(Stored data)
--------------------------------------------------
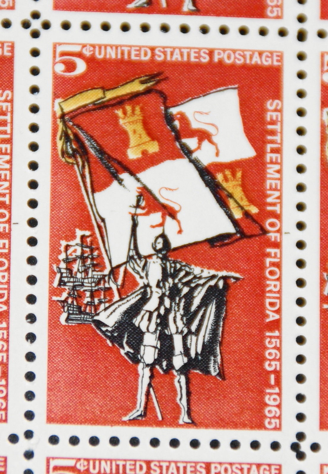 Full mint sheet of 50 - 5 cent stamps issued in 1965 to celebrate the 400th anniversary of the settlement of Florida, and the 1st permanent European settlement in the continental U.S., St. Augustine, Florida. The st ... Read More
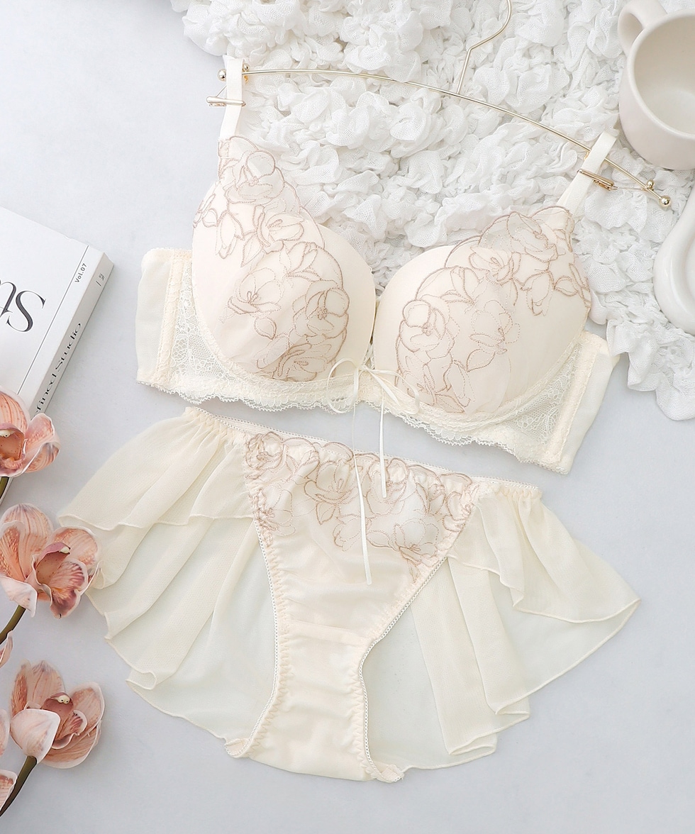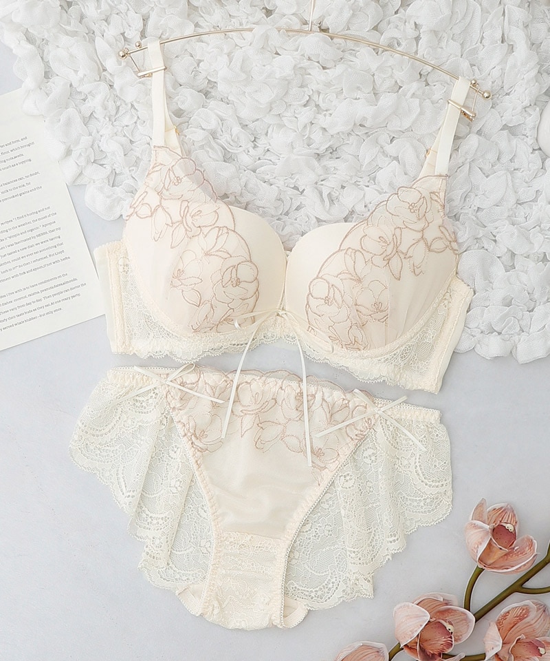 《Leene》マニョリアレースブラ【上下セット】【tu-hacci】 A75/ショーツM アイボリー/Aタイプ
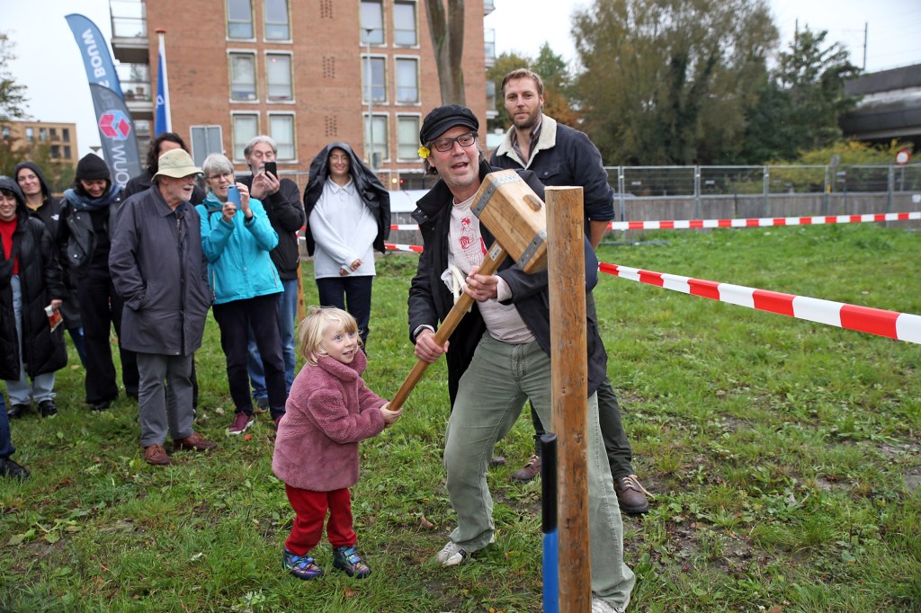Start bouw woon coöperatie Eureka! Wat een bijzonder moment. Samen vormden de 100 toekomstige huishoudens het silhouette van het gebouw en sloegen de kinderen de eerste paal. In het multigenerationele en rainproof gebouw in de Kolenkitbuurt in Amsterdam komen 80 midden huur appartementen, 20 betaalbare vrije huur en 600m2 maatschappelijk vastgoed. Naast de grote entree hal zijn er de gemeenschappelijke ruimten in het gebouw waar bewoners met elkaar kunnen eten, wassen, bewegen of klussen. Kijk voor meer informatie op eurekaamsterdam.nl of xoomlab.nl
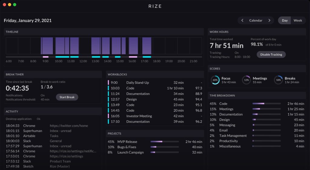 Rize steps in like a digital Mary Poppins, practically forcing you to build focus and sustainable habits. Unlike that free time tracker you downloaded last year and forgot about, Rize keeps tabs on your activities, projects, and clients, turning chaos into a color-coded symphony. It’s like having a tiny productivity guru living in your taskbar, except less annoying.
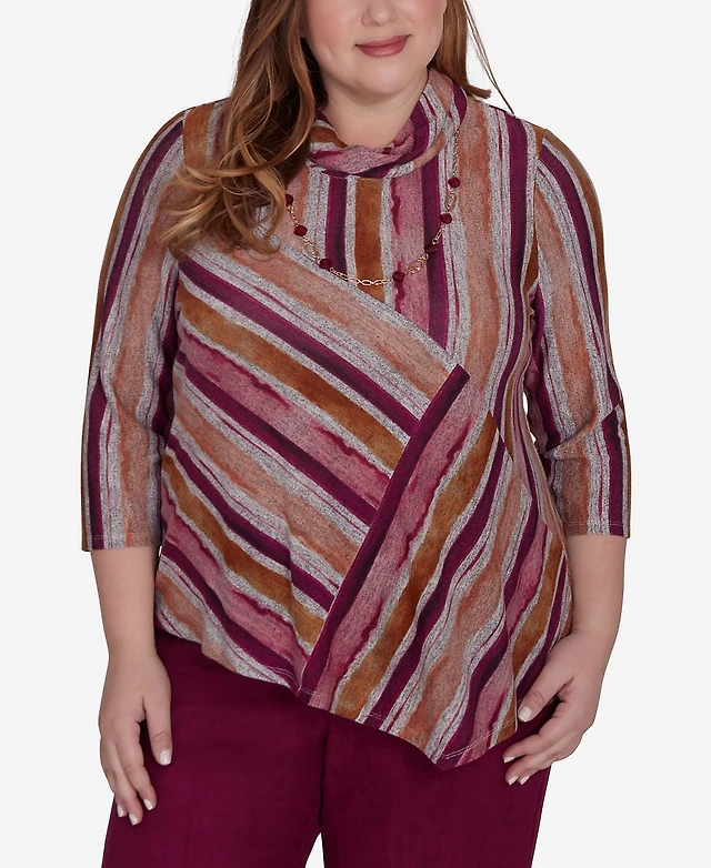 Alfred Dunner Plus Size Wine Country Spliced Stripe Cowl Neck Top With Necklace
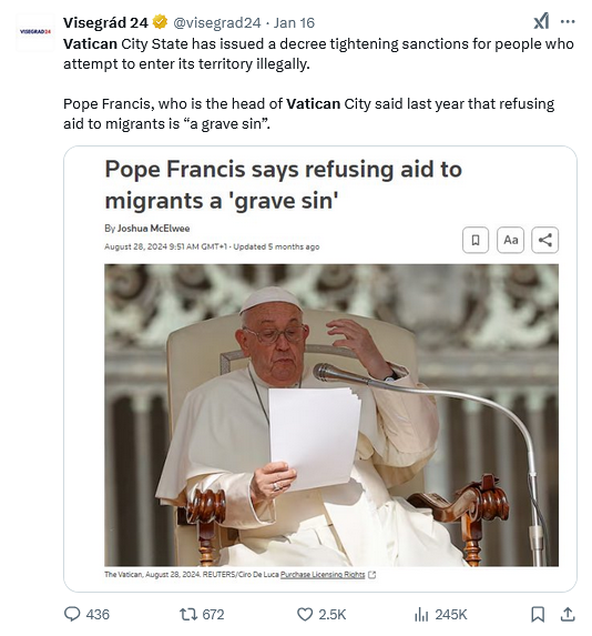 helping them return to the country of their religion is not what the pope is calling a grave sin.
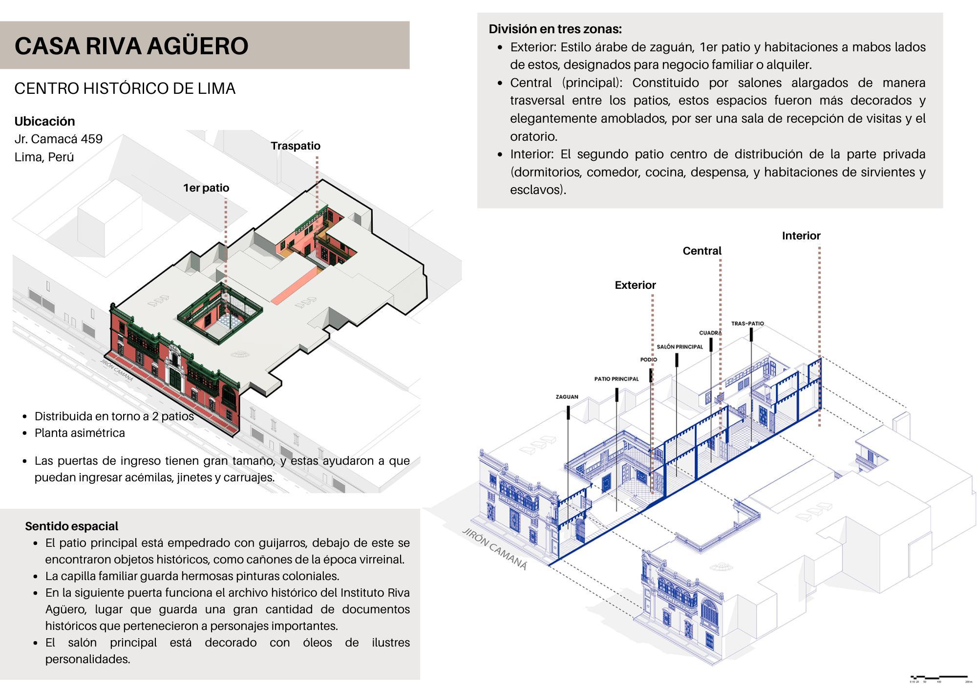 Realizar un análisis sobre la casa Riva agüero ubicada en Jr Camacá en Lima Donde se explique sus características, su sistema constructivo y su análisis funcional.
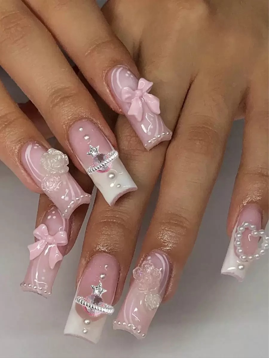 Le design rose avec pointe French et imprimé léopard mélange élégance et audace pour un rendu moderne et stylé. Les décorations en strass cœur, nœuds, notes de musique et motifs tendance ajoutent une touche fun et glamour à votre manucure.
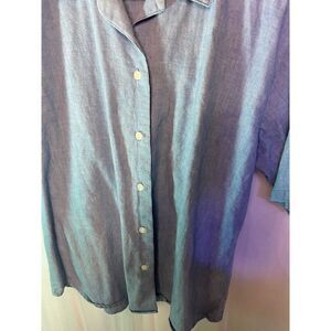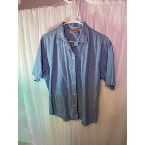 Blue denim chambray button-down blouse.
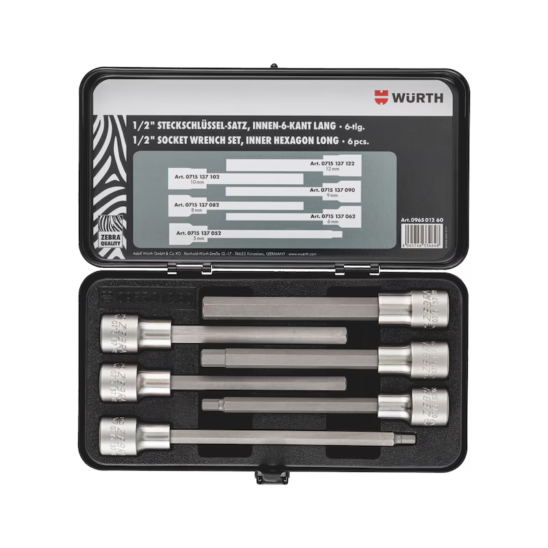 Produktinformationen "Würth Steckschlüsselsatz 1/2 Zoll Innensechskant lang 6 teilig Metallkassette ZEBRA Profi"
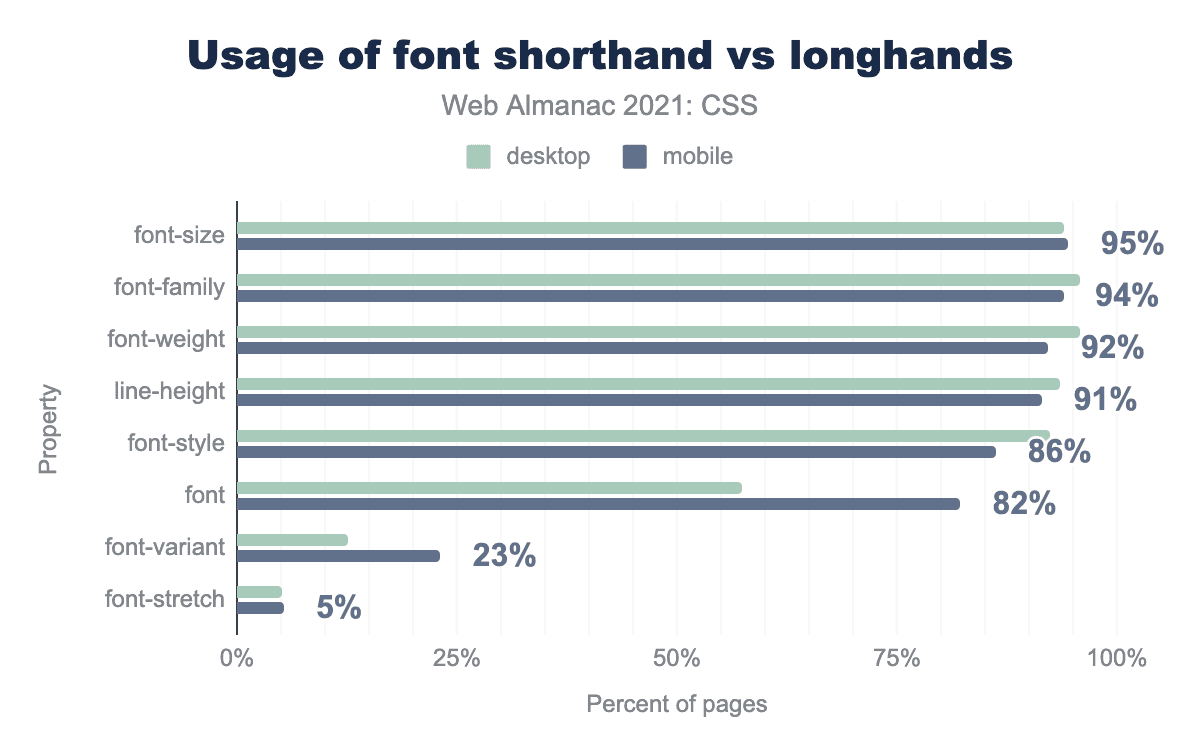 Just as was the case in 2020, the shorthand font came in behind all of its common longhand counterparts, with font-size leading the way and taking the top spot from last year’s winner, font-weight.
--------------------------------------------------
### Goal of the exercise:
From the line containing "Alfred Dunner Plus" down to the last line of the records above, repeat every line exactly and nothing else, dropping any pictures.

### Result of the exercise:
 Alfred Dunner Plus Size Wine Country Spliced Stripe Cowl Neck Top With Necklace
 helping them return to the country of their religion is not what the pope is calling a grave sin.
 Realizar un análisis sobre la casa Riva agüero ubicada en Jr Camacá en Lima Donde se explique sus características, su sistema constructivo y su análisis funcional.
 Le design rose avec pointe French et imprimé léopard mélange élégance et audace pour un rendu moderne et stylé. Les décorations en strass cœur, nœuds, notes de musique et motifs tendance ajoutent une touche fun et glamour à votre manucure.
 Blue denim chambray button-down blouse.
 Produktinformationen "Würth Steckschlüsselsatz 1/2 Zoll Innensechskant lang 6 teilig Metallkassette ZEBRA Profi"
 Just as was the case in 2020, the shorthand font came in behind all of its common longhand counterparts, with font-size leading the way and taking the top spot from last year’s winner, font-weight.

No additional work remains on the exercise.